» **EXERCISE OBJECTIVE**:
The listing below holds pictures; exclude them. Return exactly the lines from the one with "That leaves the" through the one with "A powerful bull".

» **SUPPLIED INFORMATION**:
####################
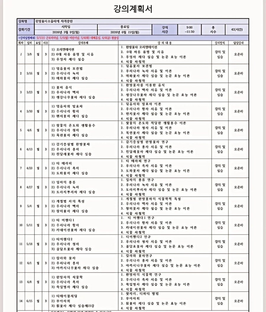 수 13:00–16:00 │ 한방꽃차소믈리에
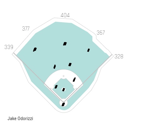 That leaves the outfielders. The right fielder would, in all likelihood, do well to play Arráez more or less straight-away. Like Mauer, Arráez tends to drill the ball when he does turn on it and elevate, so the only high-percentage play to that field is to play it straight and be ready to catch those line drives when they’re close enough.
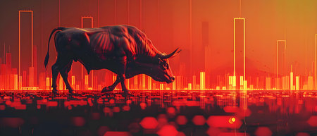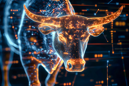 A powerful bull symbolizing strong market trends and investment potential. The digital backdrop emphasizes growth and technology in today
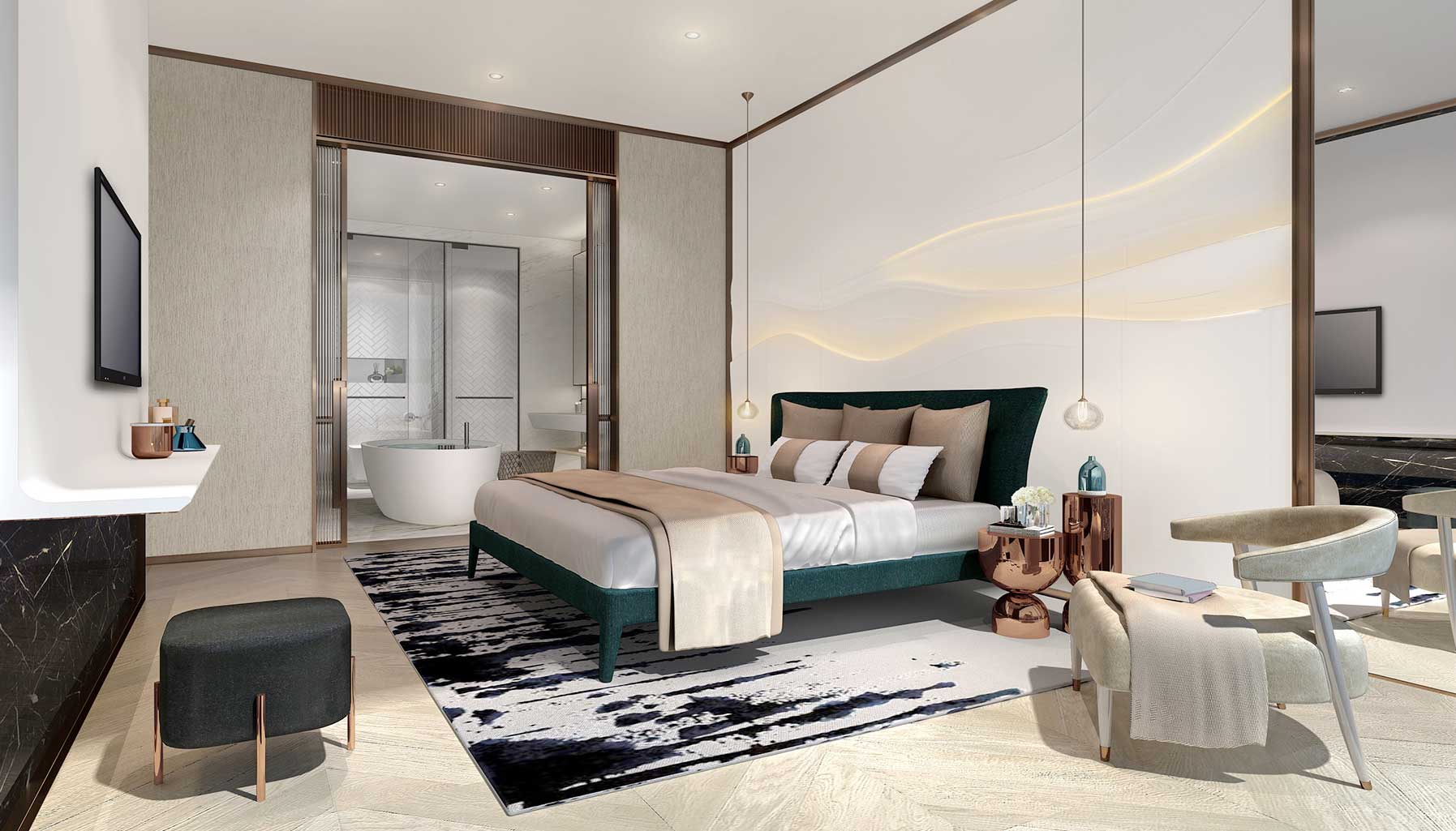 The result, for the YOO8 Tower A, is a lush living experience with the highest level of service. Leung’s design for the residences is split into two, the very Eastern concepts of Wood and Water. Wood is rich, refined and warm, with accents of gold, brass and bronze across the space, which will be fully furnished upon purchase, another nod to the luxury hotel experience. Water is light, airy and jaunty, using a colour palette of white, blue and beige to brighten and visually expand the space. Some common elements anchor both themes – a powder room at the entrance, expansive use of marble in the bathrooms, sumptuous wooden floors and beige-to-blue ombre curtains, Leung’s interpretation of Malaysian batik.
####################
» **REPLY**:
 That leaves the outfielders. The right fielder would, in all likelihood, do well to play Arráez more or less straight-away. Like Mauer, Arráez tends to drill the ball when he does turn on it and elevate, so the only high-percentage play to that field is to play it straight and be ready to catch those line drives when they’re close enough.
 A powerful bull symbolizing strong market trends and investment potential. The digital backdrop emphasizes growth and technology in today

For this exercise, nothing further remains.